I was encouraged to hear from all of the speakers, examples of local partnership, consultation and church renewal as well as church planting. The article by Tim Keller, on the 2020 Birmingham website, was rather lacking in this. It can't cover everything, but to me it could have easily given sociological excuses to someone to church plant without reference to other evangelical, actively evangelistic fellowships, ignoring the theology of the church. Pragmatics of reaching new people groups seemed to trump theology of the church - unity and fellowship particularly. 

In terms of the pragmatics / cultural understanding, there just didn't seem to be space in the thinking of Keller's article for a church which was anything between stagnant in structures and self-care without outward movement, and a church plant/planting church.

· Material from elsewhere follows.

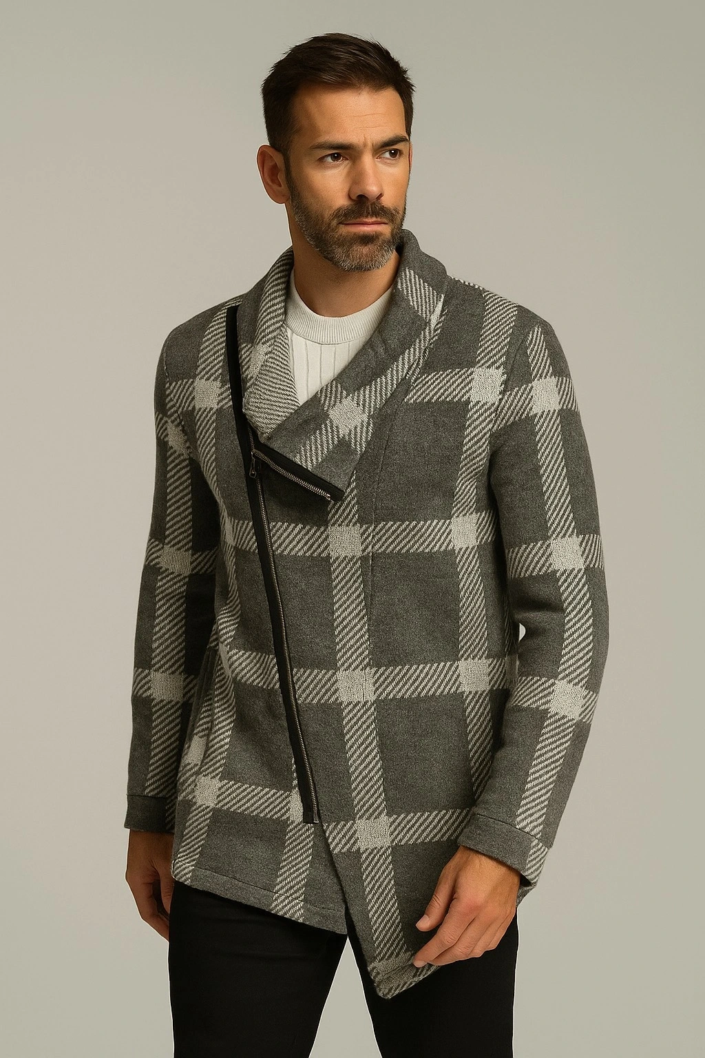Erkek Gri Ekoseli Hırka

Apparently after 5 years a church loses outward vision (I want to know how this is judged and whether the statistic is American - most surveys are!) How about a 20 year old church which is faithfully reaching out, engaged in the community, continually seeing folk saved in ones and twos, discipling them, seeing some fall away or get choked by the world, seeing others thrive, sending them off as missionaries or into pastoral training, regularly re-evaluating evangelism, dropping what isn't serving the church or outreach, trying new things, preaching the word,... and staying small, and the surrounding area staying remarkably, painfully hard? Perhaps that never happens in America. 

Keller's article would imply that the best thing for such a church would be for a church plant in the same area. Now, no-one would resent more workers in the harvest field, and if the second church grew, the first would rejoice inasmuch as there was partying in heaven. But the nature of the gospel is not that of business. Two balti houses next to each other get more business each than one. Usually true. But the gospel is not curry, and the reason for lack of growth is not one of taste or decor. The nature of church must reflect the nature of the God who plants: the God who invites us into his community, one in him. The non-Christian sees it as hypocrisy: 'So you believe the same things? You're not trying to recruit me for your club? Then why are you separate to the other?' Is Christ divided? 

Understand, I am not suggesting that we never plant where there are already some churches. I'm just suggesting we take care that our pragmatics doesn't undermine the Christ we proclaim.

Note - those concerns were mostly with the Keller article, and don't apply to the vision of 2020 Birmingham. 2020 Birmingham seemed to address these in a very healthy dynamic of partnership. Listen to the mp3s, see what you think, and perhaps take the idea to other cities as well as coming to Birmingham!

1 comment:

Anonymous said...

I didn't get to go the conference .. but I did listen to the audio.

It sounded very encouraging ... in terms of the desire to plant and reach lost people - but not much of it seemed very grounded in Birmingham ...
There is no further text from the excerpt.